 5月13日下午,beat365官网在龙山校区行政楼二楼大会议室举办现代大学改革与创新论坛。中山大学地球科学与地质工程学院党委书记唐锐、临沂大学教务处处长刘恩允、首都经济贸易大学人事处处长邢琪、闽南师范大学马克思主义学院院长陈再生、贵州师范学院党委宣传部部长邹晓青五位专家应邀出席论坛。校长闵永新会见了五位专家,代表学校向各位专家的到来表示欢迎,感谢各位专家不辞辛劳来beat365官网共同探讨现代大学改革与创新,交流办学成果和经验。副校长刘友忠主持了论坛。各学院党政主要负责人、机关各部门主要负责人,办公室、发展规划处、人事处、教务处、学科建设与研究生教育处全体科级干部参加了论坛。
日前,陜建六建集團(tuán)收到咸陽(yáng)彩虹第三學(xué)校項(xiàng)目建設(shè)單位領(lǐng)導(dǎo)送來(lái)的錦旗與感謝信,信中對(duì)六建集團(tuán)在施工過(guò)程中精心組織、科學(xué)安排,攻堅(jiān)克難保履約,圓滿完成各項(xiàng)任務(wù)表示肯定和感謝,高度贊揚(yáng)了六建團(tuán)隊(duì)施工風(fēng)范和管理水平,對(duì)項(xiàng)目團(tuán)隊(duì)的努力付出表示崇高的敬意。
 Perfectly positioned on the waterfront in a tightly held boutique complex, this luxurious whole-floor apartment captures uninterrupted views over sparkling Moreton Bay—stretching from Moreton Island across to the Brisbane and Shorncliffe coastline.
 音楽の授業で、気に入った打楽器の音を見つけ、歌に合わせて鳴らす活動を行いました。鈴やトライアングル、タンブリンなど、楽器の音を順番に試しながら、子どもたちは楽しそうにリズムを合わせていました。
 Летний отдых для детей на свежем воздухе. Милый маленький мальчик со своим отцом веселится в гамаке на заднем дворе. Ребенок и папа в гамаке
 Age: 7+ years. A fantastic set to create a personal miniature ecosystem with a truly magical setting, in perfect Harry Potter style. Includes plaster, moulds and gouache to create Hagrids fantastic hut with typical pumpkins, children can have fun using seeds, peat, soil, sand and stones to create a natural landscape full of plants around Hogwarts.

• • • • •

● **PROBLEM**:
From the line that contains "Perfectly positioned on" through the final line of the entries above, every line must be reproduced exactly and nothing more.

● **TASK RESPONSE**:
 Perfectly positioned on the waterfront in a tightly held boutique complex, this luxurious whole-floor apartment captures uninterrupted views over sparkling Moreton Bay—stretching from Moreton Island across to the Brisbane and Shorncliffe coastline.
 音楽の授業で、気に入った打楽器の音を見つけ、歌に合わせて鳴らす活動を行いました。鈴やトライアングル、タンブリンなど、楽器の音を順番に試しながら、子どもたちは楽しそうにリズムを合わせていました。
 Летний отдых для детей на свежем воздухе. Милый маленький мальчик со своим отцом веселится в гамаке на заднем дворе. Ребенок и папа в гамаке
 Age: 7+ years. A fantastic set to create a personal miniature ecosystem with a truly magical setting, in perfect Harry Potter style. Includes plaster, moulds and gouache to create Hagrids fantastic hut with typical pumpkins, children can have fun using seeds, peat, soil, sand and stones to create a natural landscape full of plants around Hogwarts.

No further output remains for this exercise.